TASK DIRECTIONS:
The entries that follow include a run beginning at the line with "Das Halsband hat" and ending at the line with "中国政法大学 法学硕士&法律硕士复试分数线"; restate that run word for word and leave the rest out.

DATASET RECORDS:

□ □ □ □ □ □ □

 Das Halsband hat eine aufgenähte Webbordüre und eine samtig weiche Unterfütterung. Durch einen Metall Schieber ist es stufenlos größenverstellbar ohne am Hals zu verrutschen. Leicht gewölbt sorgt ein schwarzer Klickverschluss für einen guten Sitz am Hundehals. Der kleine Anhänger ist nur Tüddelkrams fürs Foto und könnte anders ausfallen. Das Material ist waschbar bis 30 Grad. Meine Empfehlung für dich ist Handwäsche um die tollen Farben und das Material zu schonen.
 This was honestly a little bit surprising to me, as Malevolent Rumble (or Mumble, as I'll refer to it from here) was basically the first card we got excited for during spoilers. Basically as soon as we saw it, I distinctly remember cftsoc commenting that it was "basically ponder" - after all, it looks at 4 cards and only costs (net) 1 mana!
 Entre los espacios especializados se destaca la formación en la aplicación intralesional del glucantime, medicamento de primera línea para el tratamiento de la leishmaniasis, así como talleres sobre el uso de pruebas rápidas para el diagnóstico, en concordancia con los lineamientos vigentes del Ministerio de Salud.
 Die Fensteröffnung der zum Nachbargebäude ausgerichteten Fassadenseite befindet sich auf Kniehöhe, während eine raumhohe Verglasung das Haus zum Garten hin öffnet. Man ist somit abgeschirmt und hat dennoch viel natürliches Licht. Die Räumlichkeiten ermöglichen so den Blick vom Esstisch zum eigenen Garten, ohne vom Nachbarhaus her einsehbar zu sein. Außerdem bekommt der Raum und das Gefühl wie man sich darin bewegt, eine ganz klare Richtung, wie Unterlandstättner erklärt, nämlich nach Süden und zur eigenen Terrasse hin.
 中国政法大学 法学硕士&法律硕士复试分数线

□ □ □ □ □ □ □

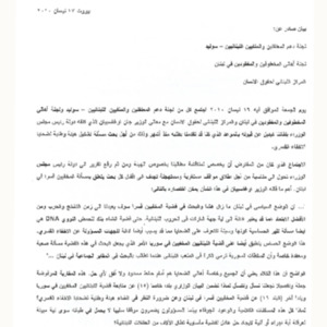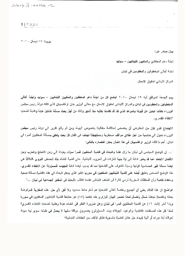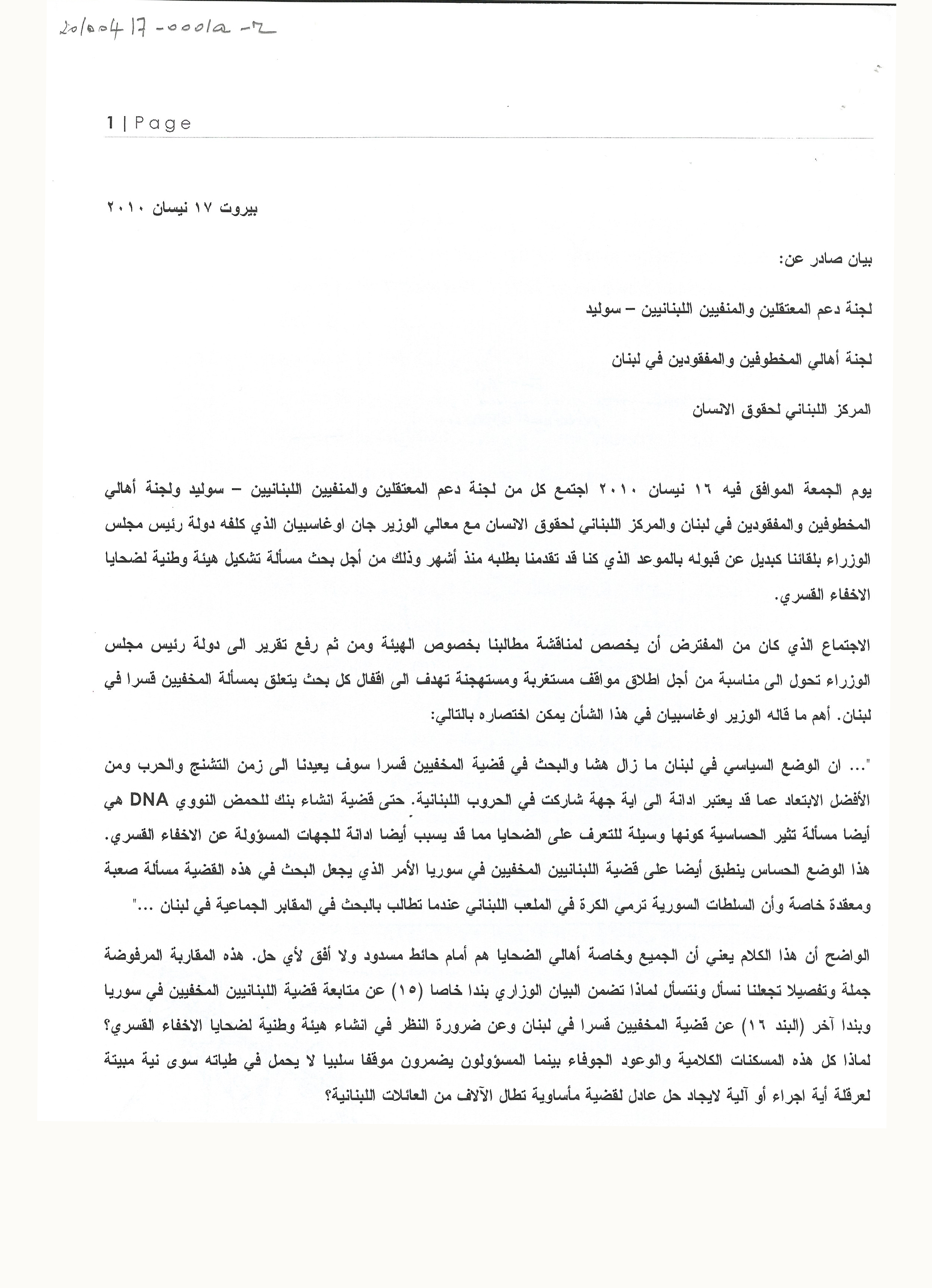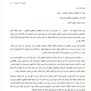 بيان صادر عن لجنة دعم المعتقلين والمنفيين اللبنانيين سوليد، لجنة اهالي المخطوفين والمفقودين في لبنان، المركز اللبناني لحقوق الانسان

□ □ □ □ □ □ □

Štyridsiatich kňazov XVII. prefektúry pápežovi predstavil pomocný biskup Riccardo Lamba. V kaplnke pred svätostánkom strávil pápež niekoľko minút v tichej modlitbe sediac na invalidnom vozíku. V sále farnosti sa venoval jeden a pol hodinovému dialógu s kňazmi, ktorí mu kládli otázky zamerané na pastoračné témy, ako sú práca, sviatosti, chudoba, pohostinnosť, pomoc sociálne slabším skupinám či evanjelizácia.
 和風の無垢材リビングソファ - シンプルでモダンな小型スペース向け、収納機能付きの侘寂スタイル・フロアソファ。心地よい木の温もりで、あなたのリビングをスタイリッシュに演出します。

□ □ □ □ □ □ □

SOLUTION TO THE EXERCISE:
 Das Halsband hat eine aufgenähte Webbordüre und eine samtig weiche Unterfütterung. Durch einen Metall Schieber ist es stufenlos größenverstellbar ohne am Hals zu verrutschen. Leicht gewölbt sorgt ein schwarzer Klickverschluss für einen guten Sitz am Hundehals. Der kleine Anhänger ist nur Tüddelkrams fürs Foto und könnte anders ausfallen. Das Material ist waschbar bis 30 Grad. Meine Empfehlung für dich ist Handwäsche um die tollen Farben und das Material zu schonen.
 This was honestly a little bit surprising to me, as Malevolent Rumble (or Mumble, as I'll refer to it from here) was basically the first card we got excited for during spoilers. Basically as soon as we saw it, I distinctly remember cftsoc commenting that it was "basically ponder" - after all, it looks at 4 cards and only costs (net) 1 mana!
 Entre los espacios especializados se destaca la formación en la aplicación intralesional del glucantime, medicamento de primera línea para el tratamiento de la leishmaniasis, así como talleres sobre el uso de pruebas rápidas para el diagnóstico, en concordancia con los lineamientos vigentes del Ministerio de Salud.
 Die Fensteröffnung der zum Nachbargebäude ausgerichteten Fassadenseite befindet sich auf Kniehöhe, während eine raumhohe Verglasung das Haus zum Garten hin öffnet. Man ist somit abgeschirmt und hat dennoch viel natürliches Licht. Die Räumlichkeiten ermöglichen so den Blick vom Esstisch zum eigenen Garten, ohne vom Nachbarhaus her einsehbar zu sein. Außerdem bekommt der Raum und das Gefühl wie man sich darin bewegt, eine ganz klare Richtung, wie Unterlandstättner erklärt, nämlich nach Süden und zur eigenen Terrasse hin.
 中国政法大学 法学硕士&法律硕士复试分数线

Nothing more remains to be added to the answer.